● The task
The line with "1、首先我们新建一个文档,尺" marks the first line to copy, and the line with "Contiene Rubiox® un" marks the last. Transcribe that stretch of the data below exactly, without pictures.

● Material to process
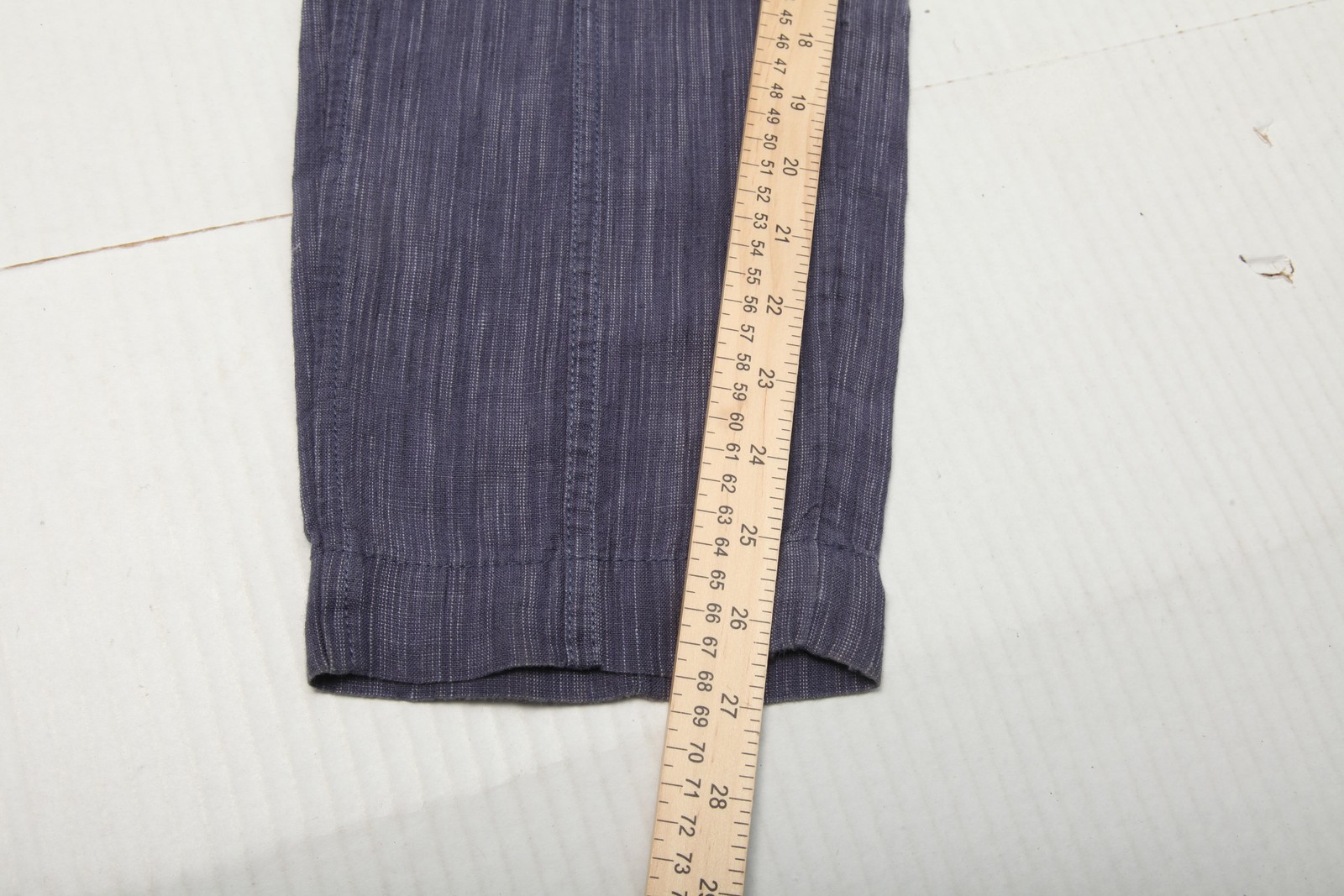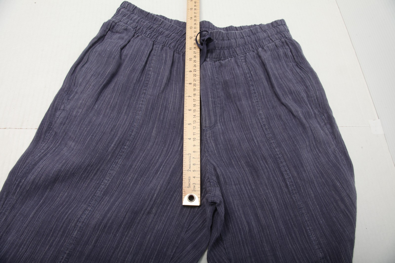 как выглядит Athleta Retreat Linen High Rise Ankle Pants Womens Small Blue Stripe Drawstring фото
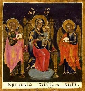 Кипрская икона Божией Матери была обретена в 392 году на острове Кипр, и продолжает там находиться. С нее есть списки, которые можно видеть в Николо-Голутвинской церкви Московской области.
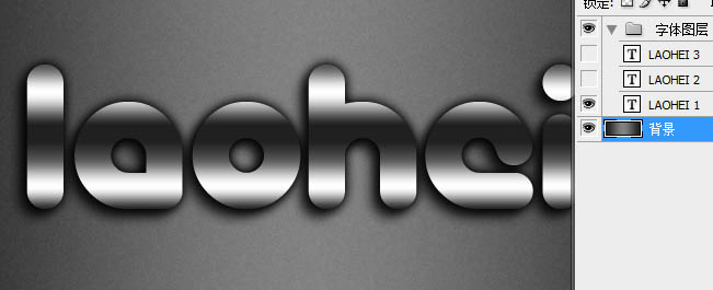 1、首先我们新建一个文档,尺寸:800x290px,背景填充灰色,可加上一些杂色。打上想要的文字,复制两层。然后分别讲解下这3个字体图层的图层样式:
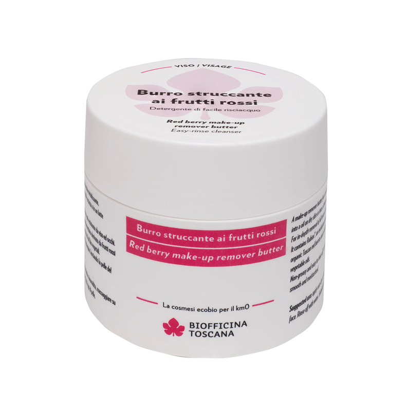 Contiene Rubiox® un esclusivo principio brevettato ad azione antiossidante, protettiva e lenitiva, derivato da una particolare miscela di frutti rossi delle colline toscane: more di gelso, uva spina, ribes e mirtillo. La formula è completata da pregiati oli bio di rosa mosqueta, jojoba, vinaccioli, mandorle e cera d’api che operano in combinazione per rimuovere il trucco in modo immediato, donando morbidezza e idratazione alla pelle.
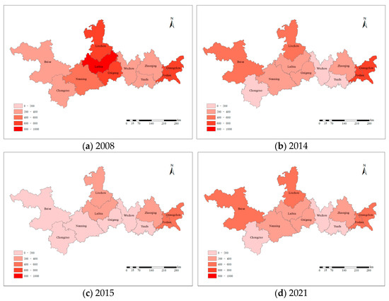 Since the China Urban Statistical Yearbook (2024), the Guangxi Statistical Yearbook (2024), and the Guangdong Statistical Yearbook (2024) were not published before the data for this study were counted and analyzed, the end of the study period was 2021. The concept of the “Pan-Pearl River Delta” was put forward by Zhang Dejiang, then Secretary of the Guangdong Provincial Party Committee, in 2003 and involves nine provinces and regions along the Pearl River, including Guangdong, Guangxi, and Jiangxi, plus the two Special Administrative Regions of Hong Kong and Macao. However, it is different from the PRWREB in the strict sense of the term. In October 2008, Guangxi proposed a major strategy to build a “100 million-ton golden waterway” along the Xijiang River, which can be regarded as a prelude to the concept of the PRWREB. Because of the large amount of data on cities and towns in the economic belt, it is difficult to obtain data at the district (county) level, and cities are both the hardest hit by air pollution in China and the main source of carbon emissions; therefore, the main focus of reducing pollution and carbon emissions must lie in the cities. Therefore, 4 cities in Guangdong (Guangzhou, Foshan, Yunfu, and Zhaoqing) and 11 cities in Guangxi (Wuzhou et al.) are considered as a whole. Data sources and indicator system variables are shown in Table 1.
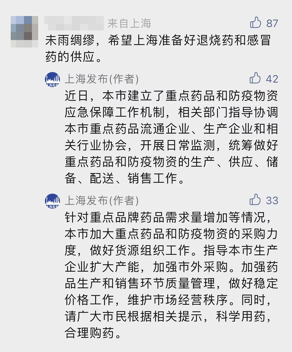 也有网友留言:未雨绸缪,希望上海准备好退烧药和感冒药的供应。对此,上海发布回应称:近日,本市建立了重点药品和防疫物资应急保障工作机制,相关部门指导协调本市重点药品流通企业、生产企业和相关行业协会,开展日常监测,统筹做好重点药品和防疫物资的生产、供应、储备、配送、销售工作。
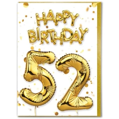 Brainbox Candy 52nd Birthday Card Age 52 Beautiful White Gold Foil Effect Cards For Him Her Men Women Friends
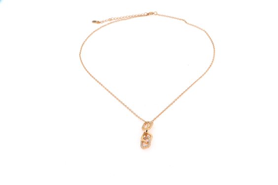 collana in argento placcato oro rosa con pendente a maglia con zirconi
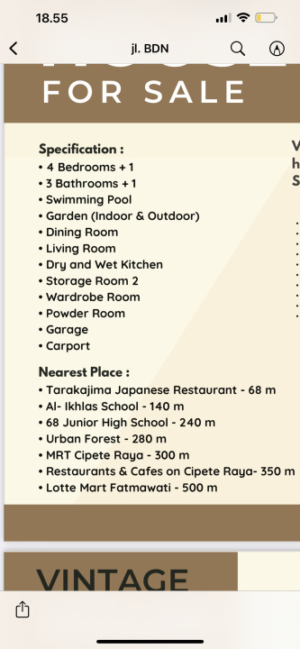 出售位于雅加达南部 Pasar Minggu 的 Eleven Townhouse 联排别墅,面积 371 平方米(10x37 英尺)。
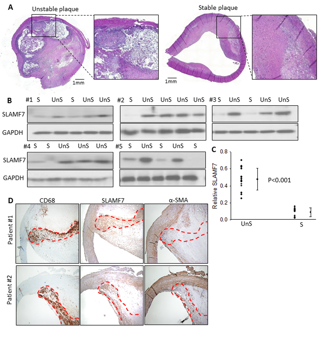 Protein expression of SLAMF7 in clinical carotid atherosclerotic plaques
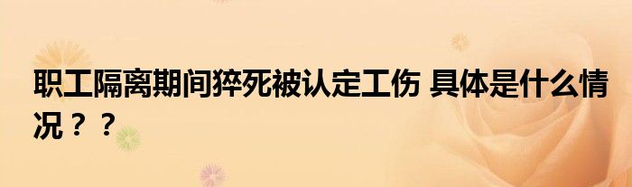 【職工隔離期間猝死被認定工傷】近日,一則消息沖上熱搜“職工隔離期間猝死被認定工傷”具體是什么情況?
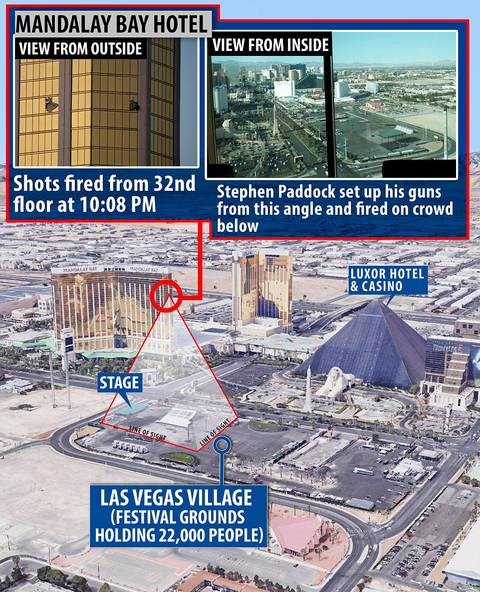 ලාස්වේගාස් හි “මැන්ඩෙලා බේ” හෝටලයේ 32 වන මහලේ සිට 64 හැවිරිදි ස්ටෙෆන් ෆැඩොක් නැමැති පුද්ගලයෙකු මෙම වෙඩි තැබීම සිදුකර ඇති බව එරට පොලීසිය පෙන්වා දුන්නේය. ඔහු විසින් වෙඩි ප්‍රහාර සිය ගණනක් එල්ල කර ඇති බව සිද්ධිය ඇසින් දුටුවන් ප්‍රකාශ කර තිබේ.

● Result of this exercise
 1、首先我们新建一个文档,尺寸:800x290px,背景填充灰色,可加上一些杂色。打上想要的文字,复制两层。然后分别讲解下这3个字体图层的图层样式:
 Contiene Rubiox® un esclusivo principio brevettato ad azione antiossidante, protettiva e lenitiva, derivato da una particolare miscela di frutti rossi delle colline toscane: more di gelso, uva spina, ribes e mirtillo. La formula è completata da pregiati oli bio di rosa mosqueta, jojoba, vinaccioli, mandorle e cera d’api che operano in combinazione per rimuovere il trucco in modo immediato, donando morbidezza e idratazione alla pelle.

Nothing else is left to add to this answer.